• Directions:
For each entry below, copy the text exactly and leave out any picture.

##### Data records

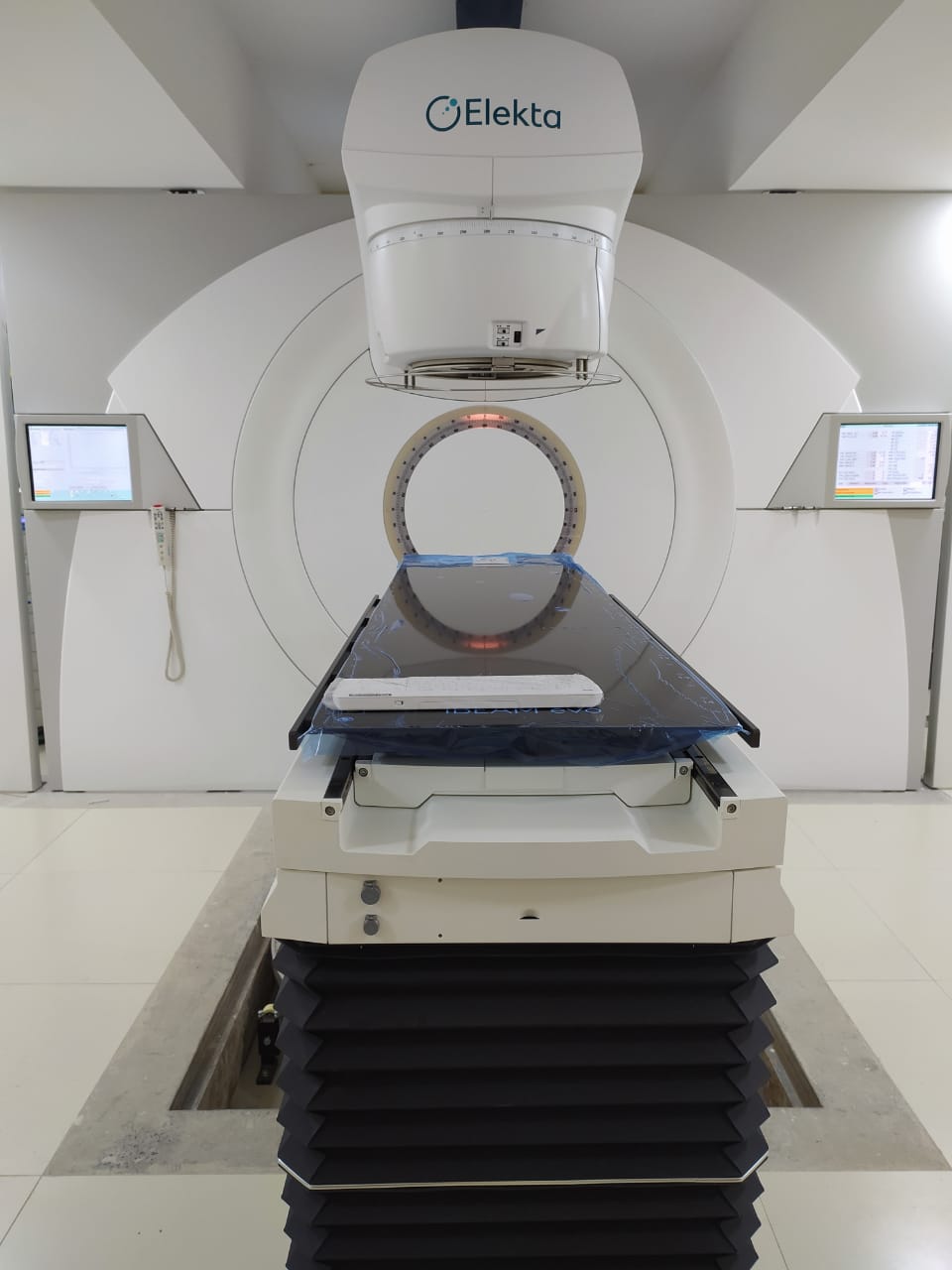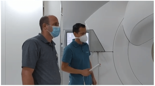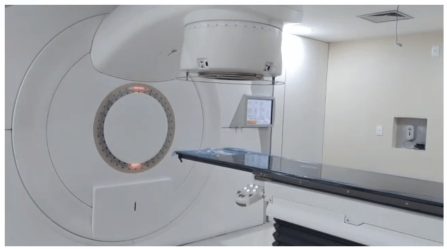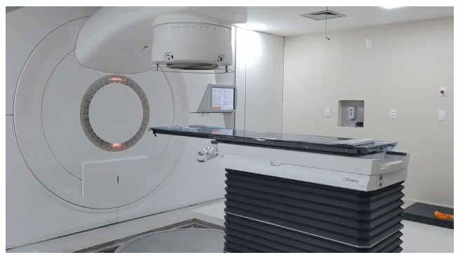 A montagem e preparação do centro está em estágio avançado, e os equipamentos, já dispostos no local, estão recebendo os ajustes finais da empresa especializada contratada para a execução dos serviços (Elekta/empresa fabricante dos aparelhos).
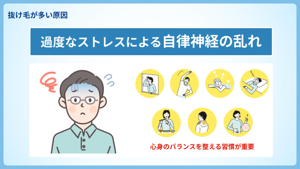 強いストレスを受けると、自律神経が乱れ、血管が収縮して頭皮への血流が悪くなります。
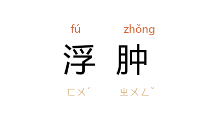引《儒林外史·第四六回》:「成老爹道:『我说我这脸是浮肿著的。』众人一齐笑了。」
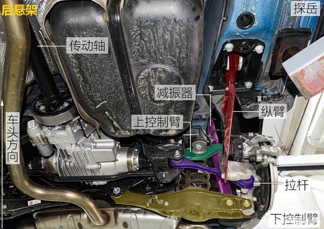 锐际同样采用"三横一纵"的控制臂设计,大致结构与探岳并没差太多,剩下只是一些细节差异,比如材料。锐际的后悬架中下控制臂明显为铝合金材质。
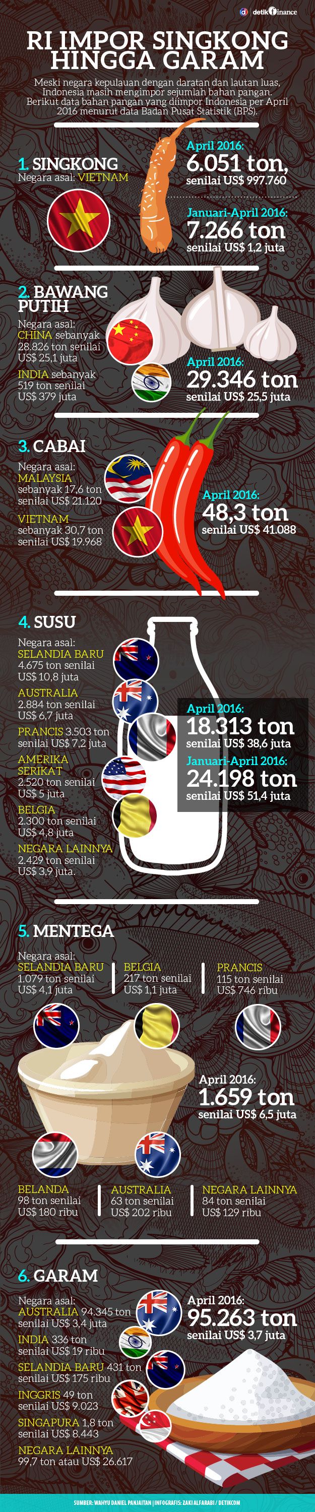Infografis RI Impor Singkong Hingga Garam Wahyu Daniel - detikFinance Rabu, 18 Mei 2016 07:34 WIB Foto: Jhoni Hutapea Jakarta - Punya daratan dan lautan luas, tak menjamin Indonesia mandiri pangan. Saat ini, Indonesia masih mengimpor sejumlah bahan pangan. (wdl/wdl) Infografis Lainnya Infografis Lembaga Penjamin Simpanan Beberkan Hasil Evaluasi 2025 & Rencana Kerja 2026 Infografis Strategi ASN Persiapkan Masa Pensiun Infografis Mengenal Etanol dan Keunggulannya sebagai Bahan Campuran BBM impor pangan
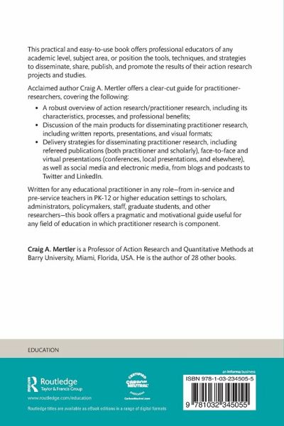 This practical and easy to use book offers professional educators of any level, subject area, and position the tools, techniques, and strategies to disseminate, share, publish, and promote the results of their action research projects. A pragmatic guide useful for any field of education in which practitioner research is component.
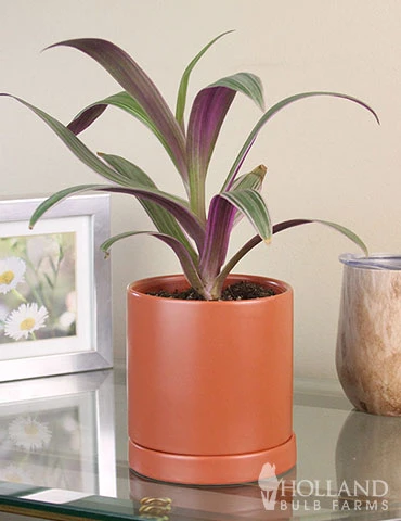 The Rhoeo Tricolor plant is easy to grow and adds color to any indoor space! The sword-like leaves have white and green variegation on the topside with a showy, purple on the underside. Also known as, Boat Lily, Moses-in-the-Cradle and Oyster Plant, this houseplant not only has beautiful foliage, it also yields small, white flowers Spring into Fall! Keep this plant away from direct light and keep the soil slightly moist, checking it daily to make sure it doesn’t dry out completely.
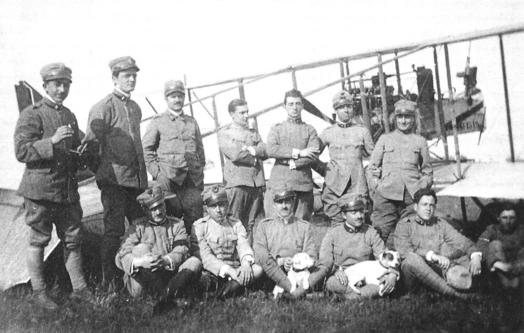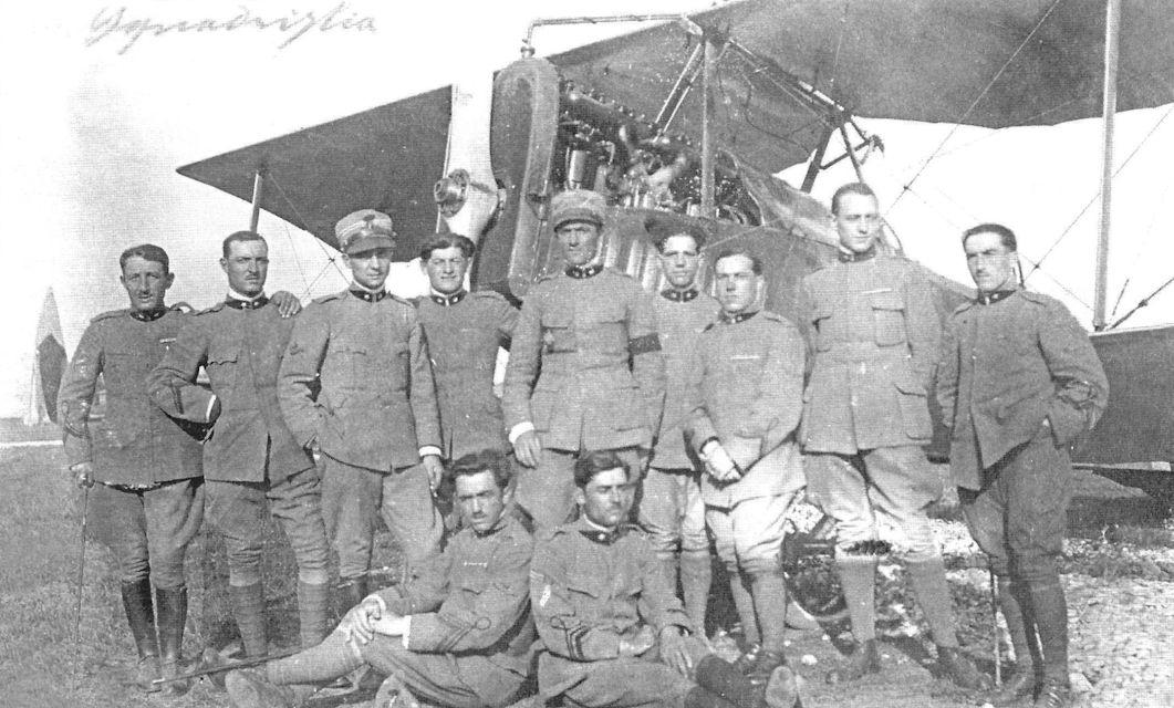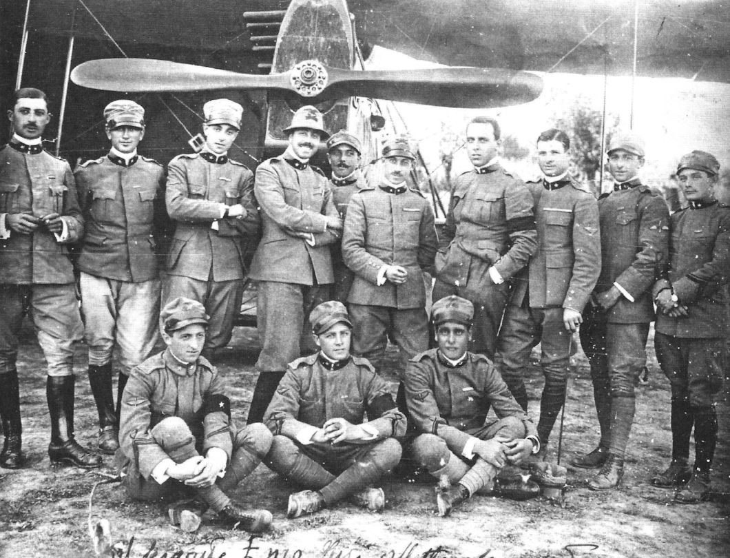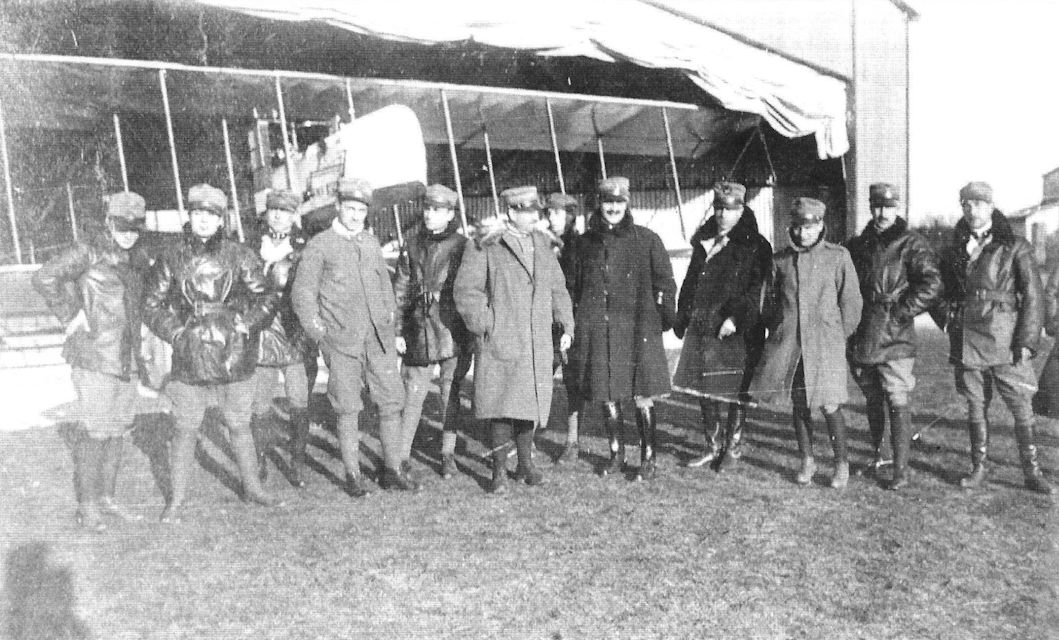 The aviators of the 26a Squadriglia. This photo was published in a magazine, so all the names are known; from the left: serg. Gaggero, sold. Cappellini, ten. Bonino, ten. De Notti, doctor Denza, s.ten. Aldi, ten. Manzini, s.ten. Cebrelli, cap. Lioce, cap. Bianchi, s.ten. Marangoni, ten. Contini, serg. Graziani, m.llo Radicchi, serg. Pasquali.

##########

• Response to the task:
 A montagem e preparação do centro está em estágio avançado, e os equipamentos, já dispostos no local, estão recebendo os ajustes finais da empresa especializada contratada para a execução dos serviços (Elekta/empresa fabricante dos aparelhos).
 強いストレスを受けると、自律神経が乱れ、血管が収縮して頭皮への血流が悪くなります。
引《儒林外史·第四六回》:「成老爹道:『我说我这脸是浮肿著的。』众人一齐笑了。」
 锐际同样采用"三横一纵"的控制臂设计,大致结构与探岳并没差太多,剩下只是一些细节差异,比如材料。锐际的后悬架中下控制臂明显为铝合金材质。
Infografis RI Impor Singkong Hingga Garam Wahyu Daniel - detikFinance Rabu, 18 Mei 2016 07:34 WIB Foto: Jhoni Hutapea Jakarta - Punya daratan dan lautan luas, tak menjamin Indonesia mandiri pangan. Saat ini, Indonesia masih mengimpor sejumlah bahan pangan. (wdl/wdl) Infografis Lainnya Infografis Lembaga Penjamin Simpanan Beberkan Hasil Evaluasi 2025 & Rencana Kerja 2026 Infografis Strategi ASN Persiapkan Masa Pensiun Infografis Mengenal Etanol dan Keunggulannya sebagai Bahan Campuran BBM impor pangan
 This practical and easy to use book offers professional educators of any level, subject area, and position the tools, techniques, and strategies to disseminate, share, publish, and promote the results of their action research projects. A pragmatic guide useful for any field of education in which practitioner research is component.
 The Rhoeo Tricolor plant is easy to grow and adds color to any indoor space! The sword-like leaves have white and green variegation on the topside with a showy, purple on the underside. Also known as, Boat Lily, Moses-in-the-Cradle and Oyster Plant, this houseplant not only has beautiful foliage, it also yields small, white flowers Spring into Fall! Keep this plant away from direct light and keep the soil slightly moist, checking it daily to make sure it doesn’t dry out completely.
 The aviators of the 26a Squadriglia. This photo was published in a magazine, so all the names are known; from the left: serg. Gaggero, sold. Cappellini, ten. Bonino, ten. De Notti, doctor Denza, s.ten. Aldi, ten. Manzini, s.ten. Cebrelli, cap. Lioce, cap. Bianchi, s.ten. Marangoni, ten. Contini, serg. Graziani, m.llo Radicchi, serg. Pasquali.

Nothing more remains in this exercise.